Looking to start/grow your own sustainable farm, ranch, or homestead? 

Tap into my experience and expertise in permaculture design and holistic management!

$60/hr          303-250-6027


Principles of Permaculture (Toby Hemenway)

Functional Design

  1. Observe. Use protracted and thoughtful observation rather than prolonged and thoughtless action. Observe the site and its elements in all seasons. Design for specific sites, clients, and cultures.
  2. Connect. Use relative location: Place elements in ways that create useful relationships and time-saving connections among all parts. The number of connections among elements creates a healthy, diverse ecosystem, not the number of elements.
  3. Catch and store energy and materials. Identify, collect, and hold useful flows. Every cycle is an opportunity for yield, every gradient (in slope, charge, heat, etc.) can produce energy. Re-investing resources builds capacity to capture yet more resources.
  4. Each element performs multiple functions. Choose and place each element in a system to perform as many functions as possible. Beneficial connections between diverse components create a stable whole. Stack elements in both space and time.
  5. Each function is supported by multiple elements. Use multiple methods to achieve important functions and to create synergies. Redundancy protects when one or more elements fail.
  6. Make the least change for the greatest effect. Find the “leverage points” in the system and intervene there, where the least work accomplishes the most change.
  7. Use small scale, intensive systems.
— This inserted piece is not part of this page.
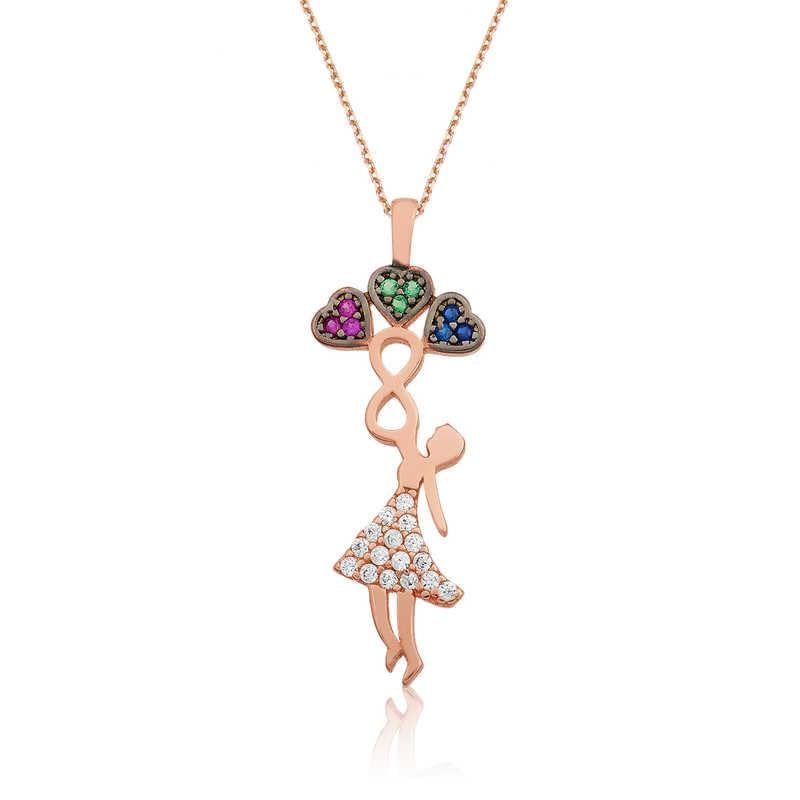 Aşkınızı bütün saflığı,tamizliği ve sonsuzluğuyla anlatmanız için tasarladığımız bu rengarenk kolye ile hayata ışıl ışıl sevgi penceresinden bakmaya ne dersiniz? Bu şıklığı; doğum günü hediyesi, sevgililer günü hediyesi veya annelere hediye olarak özel günlerde tercih edilebilecek mükemmel bir seçenektir. Bu şık kolye; 925 ayar gümüşten imal edilmiştir. Gümüş kolye üzerine rose kaplama yapılmıştır. Rose kaplama yapılan bayan kolyeler parlaklığını uzun süre muhafaza eder, gümüş rengini pembe renge dönüştürür ve oksitlenmeyi geciktirir. Zincir boyu ortalama 45 cm\"dir. Tüm gümüş bayan kolyelerde olduğu gibi bu gümüş üç kalp tutan bayan kolye de tamamı el emeği ile üretilmiştir. Kolye üzerindeki taşlar zirkondur. Gümüş ve değerli taşlar nedeniyle belirtilen ortalama ürün ağırlığında ± %10 sapma olabilmektedir.

Start at your doorstep with the smallest systems that will do the job, and build on your successes, with variations. Grow by chunking.

Living and Energy Systems

  1. Optimize edge. The edge—the intersection of two environments—is the most diverse place in a system, and is where energy and materials accumulate or are tranformed. Increase or decrease edge as appropriate.
  2. Collaborate with succession. Systems will evolve over time, often toward greater diversity and productivity. Work with this tendency, and use design to jump-start succession when needed.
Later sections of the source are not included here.